Velazquez's portraits of Philip IV are the most remarkable
biography of a monarch in all art, spanning his life from the
confidence of youth to the melancholy and distance of his afflicted
age. The face thickens, the eyes sag, the Bourbon lip takes on a
heavy repressed pathos; you can almost see it quiver. Only the
mustache, whose upswept prongs will be imitated by Salvador Dali's,
seems alert, like antennae. "It is now nine years since any
(portrait) has been made," Philip IV noted in 1653, in the last
decade of his and his painter's lives, "and I am little inclined
to subject myself to Velazquez's phlegm, nor thus to find further
reason to witness how I am growing older."

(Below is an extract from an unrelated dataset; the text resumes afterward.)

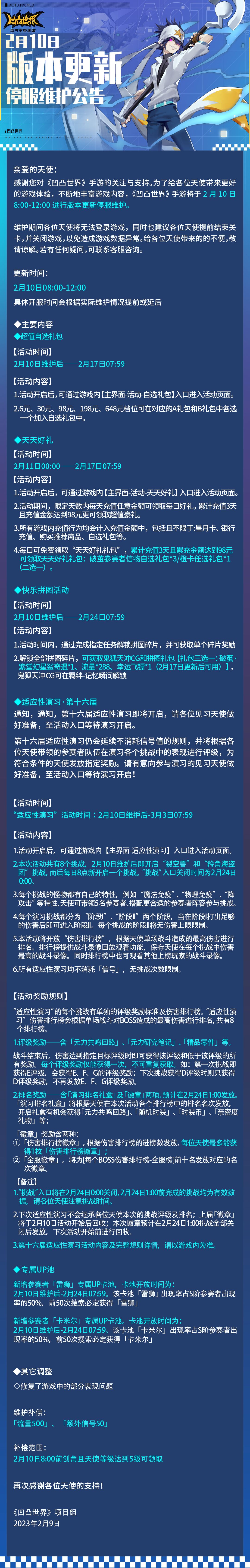 感谢您对《凹凸世界》手游的关注与支持。为了给各位天使带来更好的游戏体验,不断地丰富游戏内容,《凹凸世界》手游将于2月10日8:00-12:00进行版本更新停服维护。

Velazquez's life was even, and little is known about its
details. It looks quite seamless compared with the struggles of
Spain's other archetypal painter, Goya -- a steadily mounting curve
of recognition and respect, unmarred by scandal or alienation
(although he did father one bastard in Rome). Born in Seville in
1599, the son of a minor Hidalgo family, half-Portuguese, possibly
with a trace of Jewish ancestry, Velazquez would always be
preoccupied with his social position. (He went to great lengths to
qualify as a knight of the Order of Santiago, whose members would
not accept him until the King, who loved his painter, made them do
so by changing the rules of entry.) He studied under a rather dry,
decorous artist named Francisco Pacheco, whose daughter he married.

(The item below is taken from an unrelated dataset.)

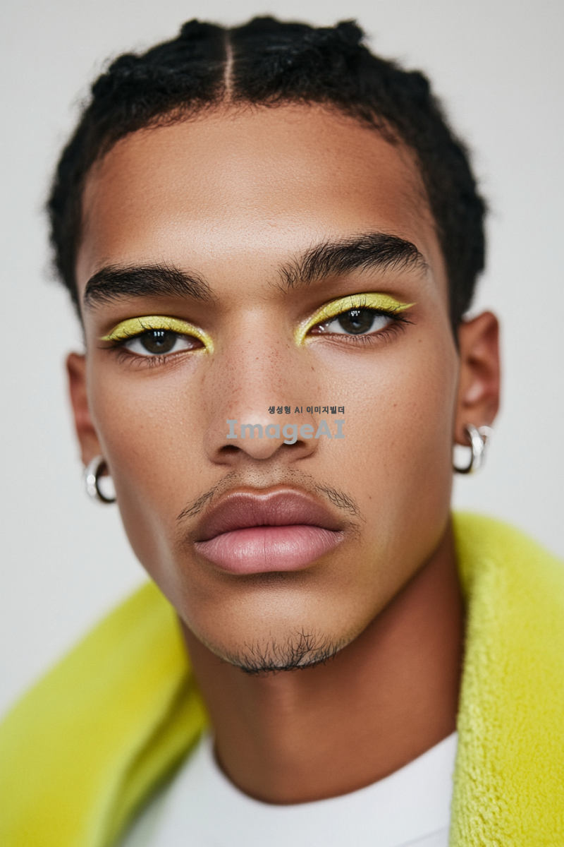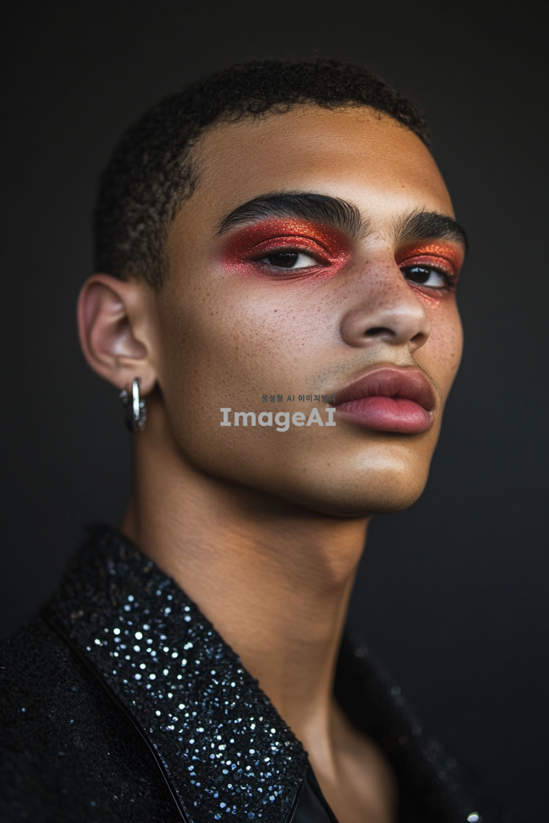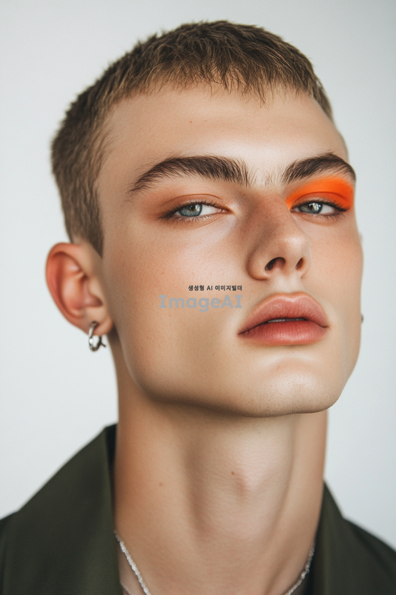 패션쇼 남성 모델 메이크업 참고용 클로즈업 사진. 시크한 무드의 짙은 아이메이크업 사진. 어려보이는 얼굴의 트랜디한 남성 모델. 미니멀한 실버 귀걸이 착용. 정면 사진.

He made two trips to Rome, both financed by the King, who had some
difficulty getting him back -- the first time because Velazquez had
gone into an ecstasy of discovery (Rome, in 1630, was the world's
capital of contemporary as well as ancient art, and the young
artist was absorbing the lessons of Caravaggio, Poussin and Guido
Reni), and the second time because Velazquez, now in his 50s, was
basking in his European reputation. And in between, nothing but
security and hard work.
Velazquez's maturity is a sublime, intensive lesson in
pictorial coding, and this, as much as anything else, has been the
source of its fascination to other painters. In rendering
appearances, every artist has a code of some sort -- a way in which
the licks and smears of colored mud on cloth manage, seemingly
without intervention from the viewer, to recompose themselves as
hard shiny metal, warm flesh, wind-ruffled grass or the sweaty
sheen of a horse's flank, all in the blink of an eye. But no artist
seems as explicit about this legerdemain as Velazquez. At 20, as
The Waterseller attests, he was already a virtuoso of appearances.

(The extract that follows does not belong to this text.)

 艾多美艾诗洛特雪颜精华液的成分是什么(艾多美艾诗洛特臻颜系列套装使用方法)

To be able to record both the half-sunken splash of water and the
light dew of condensation on the pottery jar in the foreground was
to have touched a level of skill beyond that of most painters. But
then the virtuosity is replaced by something deeper -- a meditation
on the way the painter translates sight into mark and how the
viewer turns mark back into sight. How can painting serve empirical
ends and reveal truth? Only by disclosing its stage machinery --
not by fooling the eye, but by making the mind more aware of the
ways in which it reads marks and constructs them as things. When
you look at a Velazquez, you do not look at an illusion of reality.
You are inducted into a relationship with the painter's civil
candor about what he does. You are invited to think about how
paintings come to mean what they say. Brought to the fore, embodied
on the surface ever more boldly, this is the great conceptual theme
of Velazquez's work, its binding ethic. It precludes all
sentimentality and rhetoric. It is -- as one of his contemporaries
exclaimed, on seeing Las Meninas -- "the theology of painting."